Le testimonianze emerse oggi dal Corriere della Sera rivelano una realtà inquietante: molte donne hanno scoperto che i propri mariti postavano in segreto le loro foto intime all’interno di un gruppo Facebook intitolato “Mia moglie”. La storia di una delle vittime, che ha voluto rimanere anonima, è particolarmente toccante. La donna racconta di aver riconosciuto la propria camera da letto e i propri effetti personali in alcune delle immagini condivise. “È stato come se tutto attorno a me cascasse giù. ‘Partecipante anonimo 127’, cioè mio marito, mi aveva esposta sulla piazza del Web in quel gruppo di guardoni, dove venivano fatti commenti disgustosi. E lui rispondeva anche! Non riuscivo a credere ai miei occhi”, ha dichiarato. Per proteggere i figli adolescenti, ha detto loro che il padre era partito per motivi di lavoro, ma ha trovato il coraggio di cacciarlo di casa. La sua decisione di denunciare anziché nascondersi nella vergogna rappresenta un gesto di grande forza in una vicenda che ha coinvolto migliaia di persone: oltre 30.000 iscritti a quel gruppo, tra cui professionisti insospettabili come avvocati, membri delle forze dell’ordine e giornalisti.

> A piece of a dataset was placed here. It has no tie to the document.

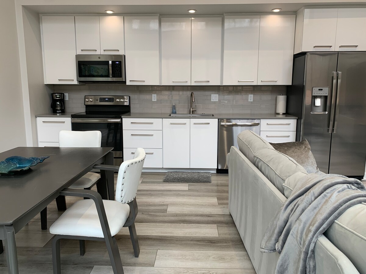 "Rest A While". Enjoy our private guest suite that features a large main living area where the kitchenette and dining area are also located, a separate bedroom and private bath. This suite is located on the lower level of our raised ranch and requires the ability to use six steps. Check yourself in at the private front entrance with keypad. Driveway parking spot with paved lighted walkway to the entrance.

La testimonianza di una vittima
La donna, che ha subito abusi in gioventù, ha espresso il suo profondo dolore: “Mi sono sentita tradita due volte”, ha affermato. “Questa cosa ha un nome, si chiama violenza”. La sua testimonianza riporta alla mente il caso di Gisèle Pelicot, una donna che ha affrontato un’esperienza traumatica simile, diventando un simbolo di coraggio dopo aver denunciato gli abusi subiti dal marito.
Meta interviene: rimosso il gruppo per sfruttamento sessuale
Un portavoce di Meta ha confermato la rimozione del gruppo Facebook “Mia moglie”, dichiarando: “Abbiamo rimosso il Gruppo Facebook per violazione delle nostre policy contro lo sfruttamento sessuale di adulti”. Il rappresentante ha aggiunto che la piattaforma non tollera contenuti che promuovono violenza sessuale e che, se vengono a conoscenza di contenuti che incitano allo stupro, possono disabilitare i gruppi e gli account coinvolti, comunicando tali informazioni alle forze dell’ordine. Tuttavia, la vittima intervistata dal Corriere della Sera ha posto un interrogativo cruciale: come è possibile che quel gruppo fosse attivo da sei anni senza che nessuno se ne accorgesse? La mancanza di segnalazioni e di interventi da parte di Meta solleva interrogativi sulla vigilanza della piattaforma.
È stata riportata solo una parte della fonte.